Sometimes, the goal is to do what the others do, but with better bang for your buck. A couple of weeks back, one of the other car blogs (what, there are others?) featured a stretched VW Rabbit pickup in unfinished project condition for a whopping $7500. At RustyButTrusty, it’s time to challenge the notion a rather obscure pickup with questionable build quality (both from the Westmoreland, PA factory and the conversion) should cost as much, as, hmmm… a pretty nice driver BMW 2002. So here we have a rather obscure pickup with questionable factory and post-conversion build quality for the price of, erm, a project BMW 2002. Check out this 1982 VW Rabbit pickup XtraCab conversion, for sale for $2650 in Olympia, WA.

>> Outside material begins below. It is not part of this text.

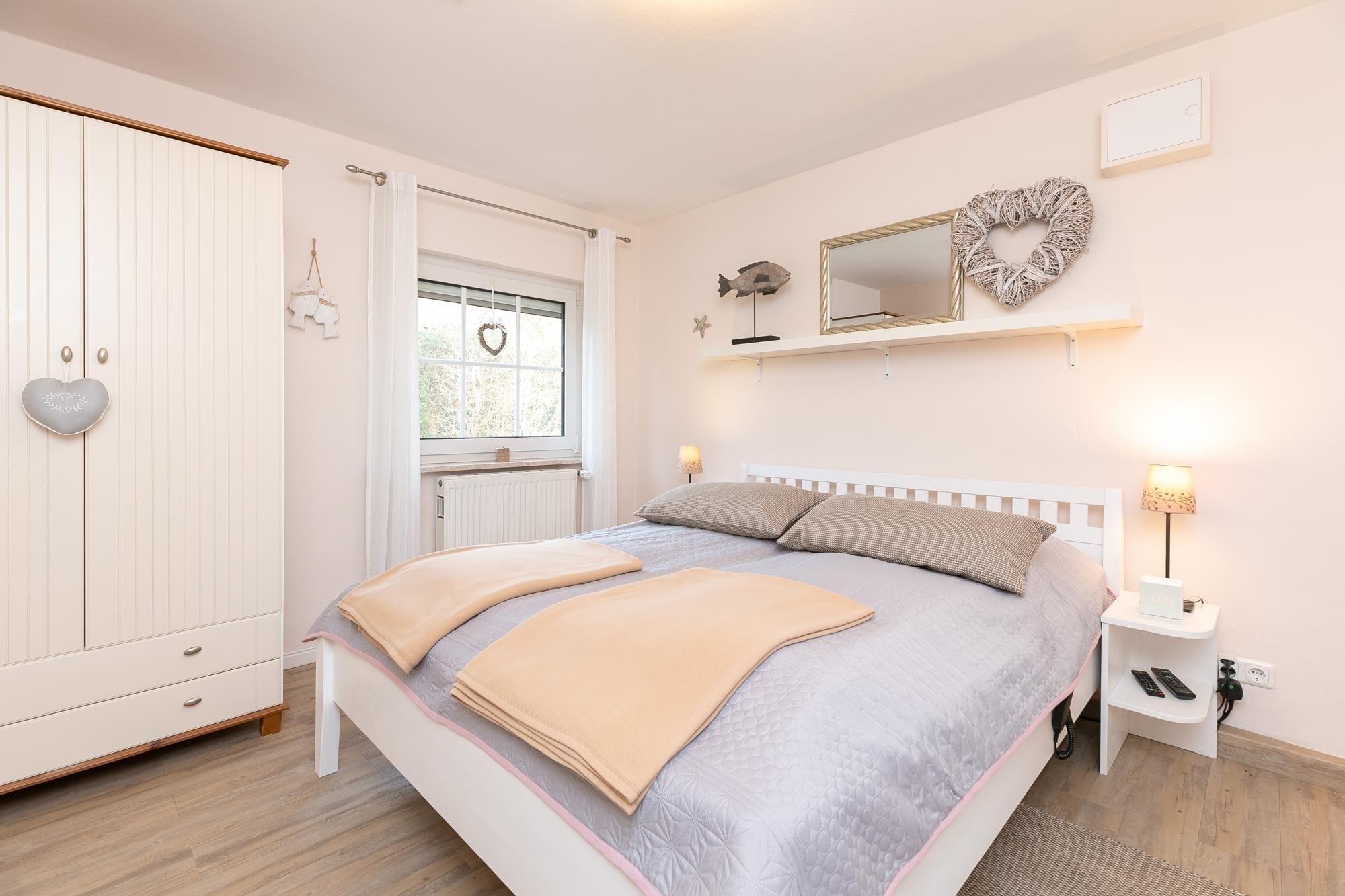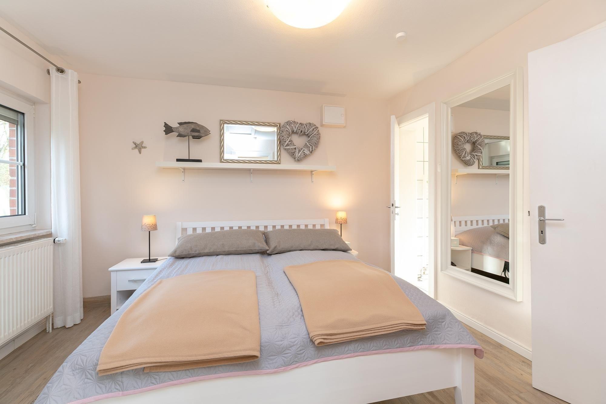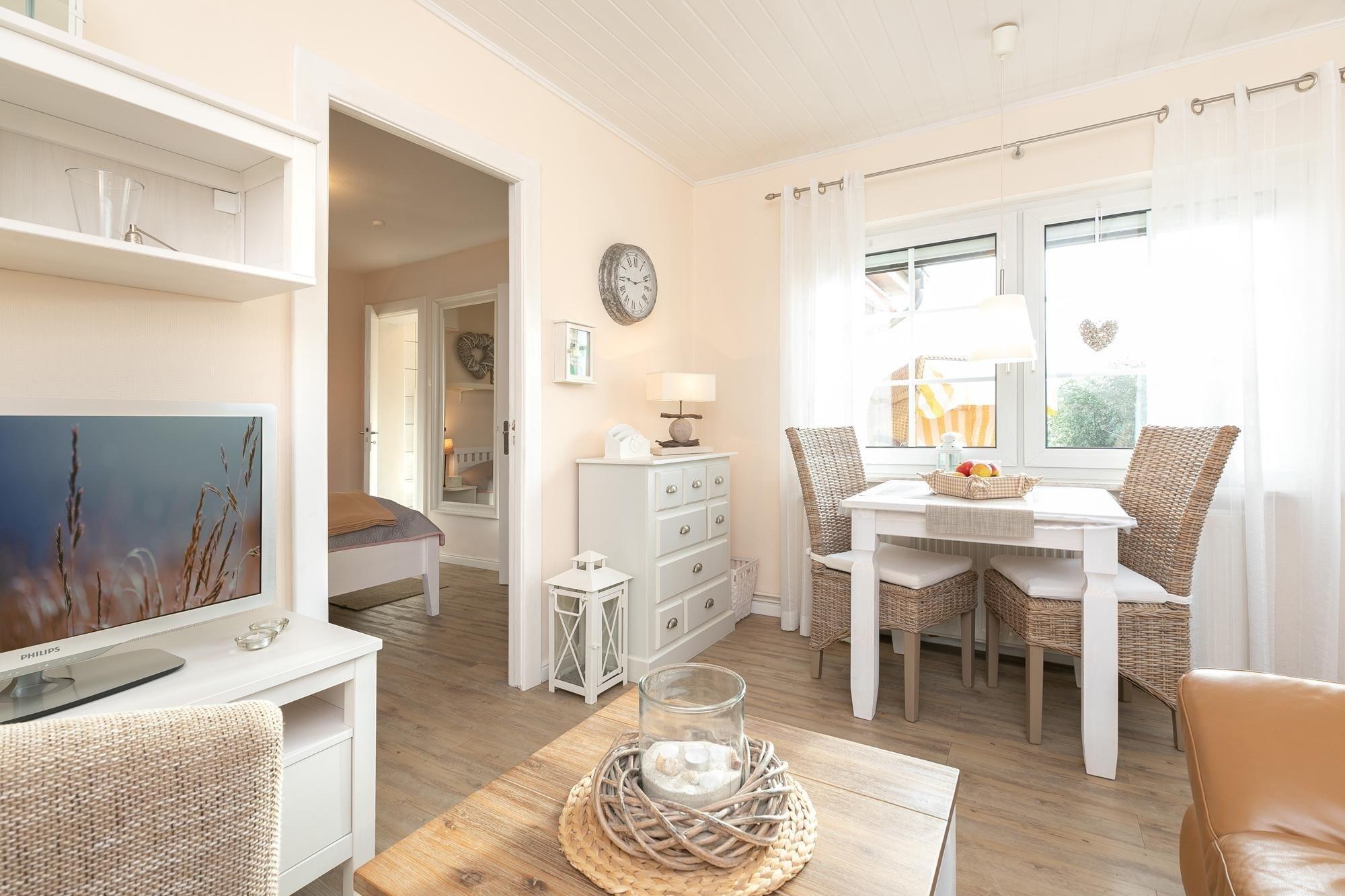 Dieses Feriendomizil ist stilsicher, hell und modern eingerichtet. Das Wohnzimmer ist ausgestattet mit einer gemütlichen cognacfarbenden Couch, Flachbildfernseher, CD-Player sowie Radio und ist somit gewappnet für einen Schiet-Wetter-Tag. Zudem steht hier ein Esstisch ausgelegt für 2 Personen für ein romantisches Candle-Light-Dinner bereit. Liebevoll platzierte Dekoartikel sorgen für ein wohnliches Gefühl und ziehen sich durch jeden Raum. Vom Wohnzimmer gelangen Sie in das Schlafzimmer mit komfortablem Boxspringbett (2x 80x200 cm) und großzügigem Kleiderschrank für all Ihre Urlaubsutensilien. Von hier haben Sie Zutritt zum hell gefliesten, modernen Duschbad mit Handtuchheizung und zur voll ausgestatteten, separaten Küche mit Backofen, Herd, Kaffeemaschine, Kühlschrank mit Gefrierfach, Spülmaschine, Mikrowelle, Mixer, Eierkocher, Toaster & Wasserkocher. Abgerundet wird dieses niedliche Ferienhaus durch eine Terrasse mit Markise und eigenem Strandkorb. Genießen Sie sonnige Tage im liebevoll angelegten Garten und lassen Sie den Tag unter sternenklarem Himmel im gemütlichen Strandkorb ausklingen. Worauf warten Sie?

Perhaps inspired by one too many cans of the city’s namesake beer (“It’s the water” was their slogan – you’d think they’d want their slogan to be “It’s the beer”, though water may have been a more truthful description), this pickup is the combination of a 2-door Rabbit and a pickup bed, completed some time in the 1990s. This first picture doesn’t look too bad – 1980s-correct two-tone paint job, though missing a grill and with a very protuberant bumper that’s probably from a late Cabriolet. Things look pretty straight here – would you retrofit the original 1982 bumpers for a pseudo-factory look, or do the full Cabby front end conversion with dual round headlights?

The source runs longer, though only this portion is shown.